In stage II, this monomer devices (or structure blocks) are further broken down through different reaction pathways, among which produces ATP, to form a typical end product that deserve to then be supplied in phase III to produce even much more ATP. In this chapter, we will look at each phase of catabolism—as an overview and in detail.


Figure \\(\\PageIndex1\\): Energy Conversions

The switch of food into cellular power (as ATP) occurs in three stages.

Digestion that Carbohydrates

Carbohydrate digestion starts in the mouth (Figure \\(\\PageIndex2\\)) wherein salivary α-amylase strikes the α-glycosidic linkages in starch, the main carbohydrate ingested by humans. Cleavage that the glycosidic linkages produces a mixture of dextrins, maltose, and glucose. The α-amylase mixed right into the food remains active as the food passes through the esophagus, yet it is promptly inactivated in the acidic setting of the stomach.

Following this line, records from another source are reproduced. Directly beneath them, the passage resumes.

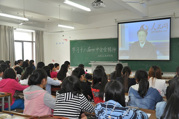 党的第十八届中央委员会第四次全体会议于10月20日在北京召开,本次大会将“依法治国”作为主题,绘制新路线图,为法治中国作顶层设计,将有力推进深化改革的步伐。 历史学院组织近70余名教师、学生共同收看了人民网独家视频《解读十八届四中全会》,为更好学习、贯彻十八届四中全会精神提前做好准备。2011级社会工作专业梁露同学说:“我关注十八届四中全会不仅是因为这次会议精神将极有可能作为时政试题出现在今年的研究生入学考试中,更重要的是作为应用型很强的专业,社会工作与法治的联系很紧密,了解法治中国,才能更好地将专业与社会管理结合,才能更好的发挥社工人的作用。” 学院师生将继续密切关注十八届四中全会,及时宣传、学习会议精神,让法治精神深入人心。 |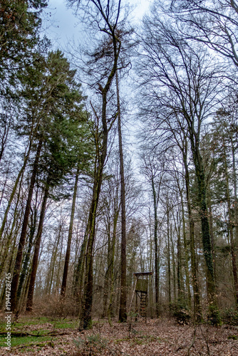 Fototapeta premium Hoch und Jägersitz am Waldrand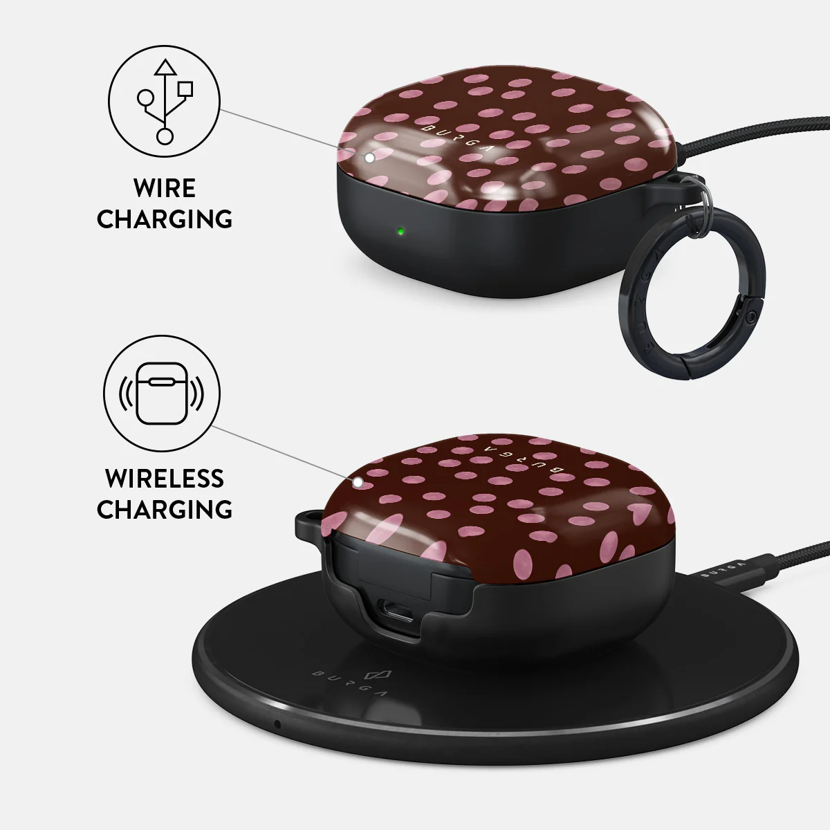 This design features: pink polka dots, brown background, dotted pattern

Figure \\(\\PageIndex2\\): The primary Events and Sites of Carbohydrate Digestion

The main site that carbohydrate cradle is the tiny intestine. The secretion of α-amylase in the little intestine converts any type of remaining strength molecules, as well as the dextrins, come maltose. Maltose is then cleaved into two glucose molecules by maltase. Disaccharides such as sucrose and lactose space not digested until they with the small intestine, wherein they are acted on by sucrase and also lactase, respectively. The significant products of the complete hydrolysis the disaccharides and also polysaccharides space three monosaccharide units: glucose, fructose, and also galactose. This are took in through the wall surface of the small intestine right into the bloodstream.

Digestion the Proteins

Protein digestion starts in the stomach (Figure \\(\\PageIndex3\\)), whereby the action of gastric juice hydrolyzes about 10% of the peptide bonds. Gastric juice is a mixture of water (more than 99%), not natural ions, hydrochloric acid, and also various enzymes and other proteins.


Figure \\(\\PageIndex3\\): The major Events and also Sites that Protein Digestion

The hydrochloric acid (HCl) in gastric juice is secreted through glands in the stomach lining. The pH of freshly secreted gastric juice is about 1.0, yet the contents of the stomach might raise the pH to in between 1.5 and 2.5. HCl helps to denature food proteins; the is, the unfolds the protein molecule to reveal their chain to more efficient enzyme action. The major digestive component of gastric juice is pepsinogen, an inactive enzyme produced in cells located in the stomach wall. Once food beginning the stomach after ~ a period of fasting, pepsinogen is convert to its energetic form—pepsin—in a collection of measures initiated through the drop in pH. Pepsin catalyzes the hydrolysis that peptide linkages in ~ protein molecules. It has actually a relatively broad specificity yet acts preferentially on linkages including the aromatic amino mountain tryptophan, tyrosine, and also phenylalanine, and also methionine and leucine.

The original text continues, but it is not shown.